Our first attempt to get it onto the small elevator didn’t work. It seemed to be a touch too big. Maybe if we took the small legs off? Well, they needed a Phillips screwdriver to do that, and the only one I had did not work well with the small holes. Eventually I was able to get two off with an eyeglass screwdriver, which was not enough. This was not my finest moment.
On the second attempt we got it on board by treating the elevator doors like a regular door and rotating it through when it briefly opened. All with an audience in the elevator, including a security guard.
After that, we got the sofa back to the loading dock and let the Craigslist guy pick it up.
The chairs were assembled. It was soon discovered that they needed more outlets to deal with all the features. So we had to go out and buy a powerbar for them. But then, everything was done. The chairs had their place. They reclined nicely. They are comfortable and I’ve even caught Catalina sleeping in them.
And all of this moving was done while my back is not in the best shape.

Lumbosacral Joint

When I flew to Houston last February, sitting in the airplane seat messed me up and eventually caused plantar fasciitis. I’m still feeling the effects of that.
I thought I had taken good enough care of myself this time to avoid any bad effects. I even made sure to stand up and move about the cabin on the flight. And things went well. I was able to run in Houston without any issues. I felt I had dodged a bullet.
When I got back to Canada, things started out okay. I had no pains when I ran. I even did a 23km run on New Year’s Day (four days after I got back) that, when mapped, looked like Santa. The next day, Wednesday, there was a quick run, and on the way home, I had a bit of pain in my back. Nothing serious though.
It was still there the next day. On the Friday I noticed it may have been connected to my left calf. So I spent that evening and the morning of the next day massaging it, and using a foam roller. I even made an appointment to see a massage therapist, although the next availability wasn’t for two weeks. My run at lunch felt great. Until I got to the halfway point. Then things got worse and worse. I was hurting a lot by the time I got back home. In fact I could barely walk.

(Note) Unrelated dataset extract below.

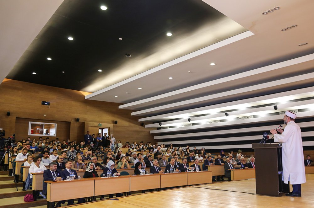 Başkan Erbaş, Muğla Sıtkı Koçman Üniversitesi Fen Edebiyat Fakültesi Şehit Polis Yaşar Özlem Amfisi'nde öğrencilerle buluştu.

On Sunday, I decided that my run would only be 5km. It still hurt. Things weren’t getting better.
By the next Wednesday, my run was only ten minutes, and it was painful the entire time.
I kept at that time/distance until last Friday when I saw a physiotherapist. He diagnosed me with an L5/S1 (Lumbosacral Joint) sprain with nerve root irritation. Basically my back is sprained, and my muscles were fighting to protect it. That is why my legs and butt hurt while I was running. And the impacts were going to make things worse.
In other words I have to stop running. I had gotten up to 288 days of consecutive running.
I have some exercises I can do that will help things. And I hopefully will get back to it soon enough.
I thought about trying to keep the streak going with water jogging, but that would have been too large a commitment to keep doing that every day by going to a pool some distance away. It is doable, but unpleasant enough to not make it worth it.
And, I’m okay with failure. I was hoping to get up to one year of daily running, but if it was easy, it wouldn’t be an accomplishment. In my head I thought of those people who have been doing daily runs for thirty years. But they do such short runs that it isn’t really a challenge. I’ve been doing usually about 12km. That’s not easy and each day is an accomplishment.
Besides, I’ve noticed several other injuries are starting to lessen now that I’m giving my body a break. So there is that too.